The collaboration with Lin has also created opportunities to expand her lab’s playbook, developing strategies that she can quickly apply in Lin’s model systems. 

“From a practical standpoint, the collaboration and proximity to Jiandie’s lab allow us to do experiments that we had not previously envisioned within our own lab,” explains Wu, who is also an assistant professor of biomedical engineering in the College of Engineering. “But it also helps us scientifically. It gives us a context to focus our technology development efforts toward, and it’s allowed us to extend our applications from cancer to liver disease.” 

She isn’t the only LSI faculty member who has added liver disease to their research lineup through connections with Lin’s team.

Jun Wu’s collaborations with her fellow LSI researchers predate her role on the faculty, and even the institute itself. As a graduate student at U-M, her first mentor was Ken Inoki, who was at that time a postdoctoral fellow in the same lab where she was completing her first graduate lab rotation. 

Five years after Inoki joined the LSI, and after completing her own postdoctoral research at Harvard, Wu was recruited back to U-M in 2013 as an assistant professor. As a new faculty member, she was paired with a faculty mentor at the LSI to help her as she set up her lab. That’s when she first started working with Lin. 

Jun Wu founded her lab on the study of a unique type of adipose tissue called thermogenic fat. Rather than storing fat, thermogenic adipocytes help maintain body heat by burning calories and fat stores. 

Recently, she noticed a connection between the thermogenic process and liver disease. Her lab had previously discovered that a receptor protein called CHRNA2 can induce the energy-burning process in fat cells.

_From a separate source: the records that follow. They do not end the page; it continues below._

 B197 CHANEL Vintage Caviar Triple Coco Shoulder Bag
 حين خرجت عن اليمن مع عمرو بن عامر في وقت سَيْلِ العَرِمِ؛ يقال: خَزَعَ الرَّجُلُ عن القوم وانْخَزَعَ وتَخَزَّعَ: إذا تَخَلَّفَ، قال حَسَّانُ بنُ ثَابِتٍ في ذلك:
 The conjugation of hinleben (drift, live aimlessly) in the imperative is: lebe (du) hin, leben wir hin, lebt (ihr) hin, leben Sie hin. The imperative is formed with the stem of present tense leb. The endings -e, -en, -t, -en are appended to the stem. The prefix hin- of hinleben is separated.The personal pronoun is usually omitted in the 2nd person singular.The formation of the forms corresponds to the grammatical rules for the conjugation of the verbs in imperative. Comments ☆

They looked for other areas where this protein might be active, to better understand its various roles throughout the body, and found it was highly expressed in liver cells. 

“The liver is tricky, much more complicated than adipose tissue, because a large number of various cell types are present in the tissue niche,” Wu says. “But, partly because we are in this environment where we can connect through faculty talks and trainee presentations, and we knew Jiandie was an expert in this area, we decided to look into what’s happening in the liver.” 

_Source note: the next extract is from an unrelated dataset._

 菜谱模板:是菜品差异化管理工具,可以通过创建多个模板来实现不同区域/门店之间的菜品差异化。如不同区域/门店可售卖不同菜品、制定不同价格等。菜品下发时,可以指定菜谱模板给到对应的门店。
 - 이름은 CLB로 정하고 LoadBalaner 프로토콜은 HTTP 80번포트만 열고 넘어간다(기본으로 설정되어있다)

Her team found that CHRNA2 sets off a series of cellular programs that protect the liver against the development of MASH. They also found that an FDA-approved drug for treating neurodegeneration could boost CHRNA2 activity in mouse liver. 

Expanding the field of metabolic research at the LSI, her team is now extending this research into alcohol-associated liver disease. They have found hints indicating that communication between the liver cells and fat tissue can defend against liver damage following alcohol consumption. They are now exploring whether the CHRNA2 pathway may also be a potential drug target for treating alcohol-associated liver disease.

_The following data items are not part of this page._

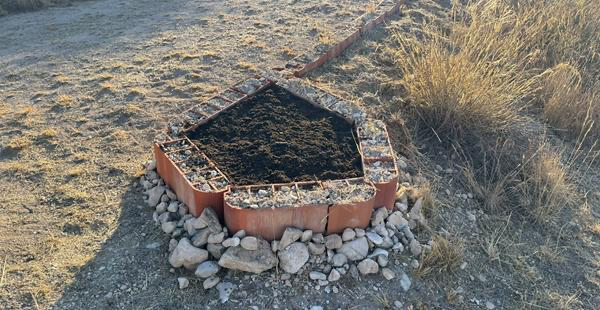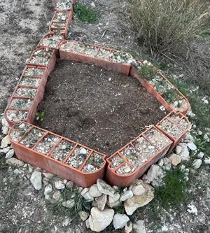 Doch es waren einige Steine mehr, als ich für meinen Zweck brauchte, so habe ich am unteren Ende der Einfahrt diesen kleinen Kreis angelegt. Und ganz praktisch einfach als Komposthaufen genutzt, denn ein Loch ausheben ist bei dem steinigen Boden hier eine echte Herausforderung.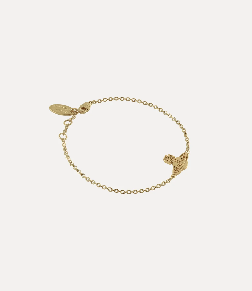 Onze Marinetta-armband is gemaakt van goudkleurig metaal en heeft in het midden het kenmerkende bolmotief van het huis. Het ontwerp heeft een zacht gedrukte, kralenachtige textuur die een handgemaakt uiterlijk geeft, terwijl gegraveerde details de contouren van de kruisvormige bovenkant en de Saturnusring accentueren.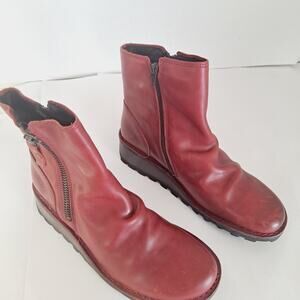FLY London MON 944FLY Red Wine Rug Leather Zips Ankle Boot Wedge US 10 EU 41 NEW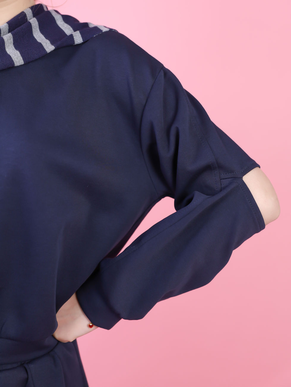 DLKSP2007JP/DLKSP2008JPクルーネック長袖スウェットとストライプショール ハイウエストスカートのセットアップ秋新作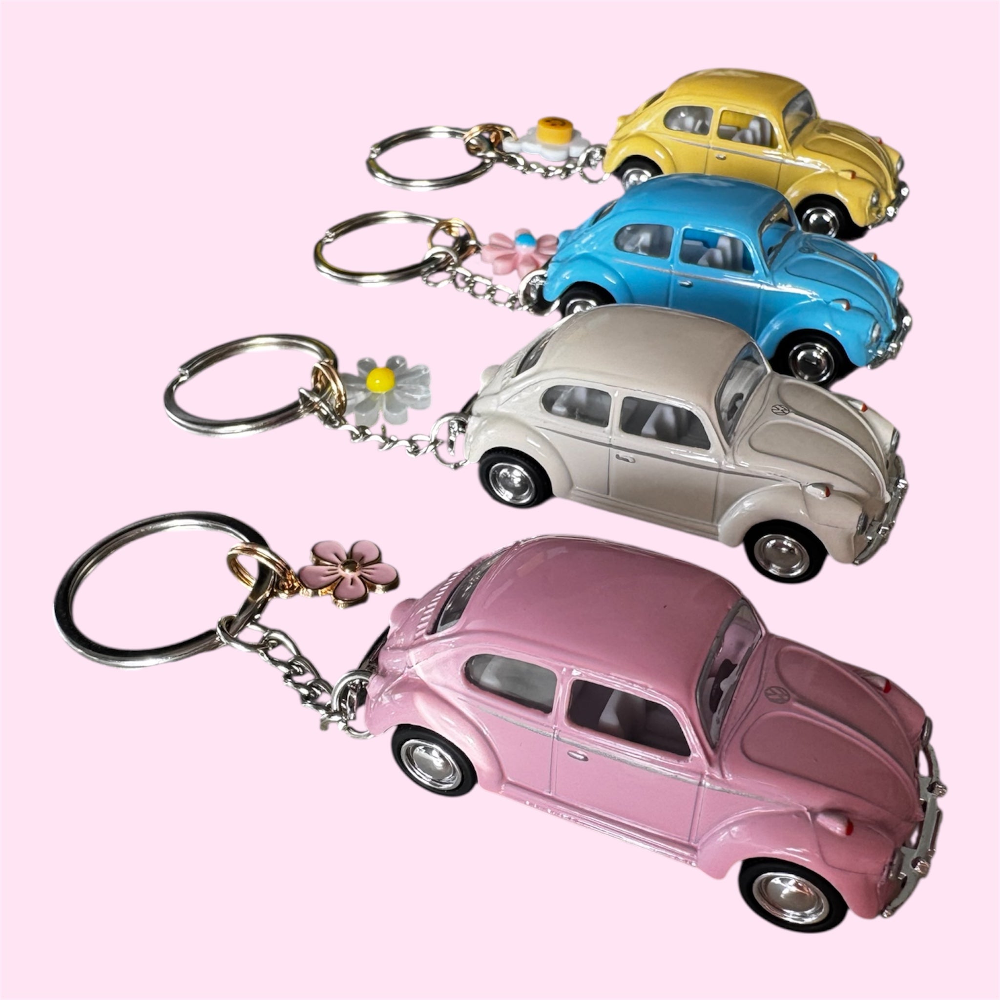 Refresh availabilityAdd a pop of retro charm to your keys, bag, or backpack with this adorable Volkswagen Beetle keychain. Each mini Beetle is finished in soft pastel hues—cream, pink, yellow, or blue—and paired with a playful flower accent charm for a cheerful, vintage vibe.

“I would say my lab is about half liver research now, and I don’t think that would have happened if I wasn’t here at the LSI, with Jiandie on the team,” Wu says. “We’ve had tangible collaborations, like publishing papers and submitting grants together. But then there are also very intangible things — our students talk to each other all the time, I go into his office just to talk about the bigger picture of our science. It could be something big or small that leads to a totally new direction.” 

“There are so many types of collaborations that can emerge in an environment like the LSI, whether it’s through common scientific interests, or applying a shared technique, or just chance conversations,” Lin adds. “Collaborations like this are hard to predict. They come ad hoc, and then they end up working out really well not just for the labs but for the science.”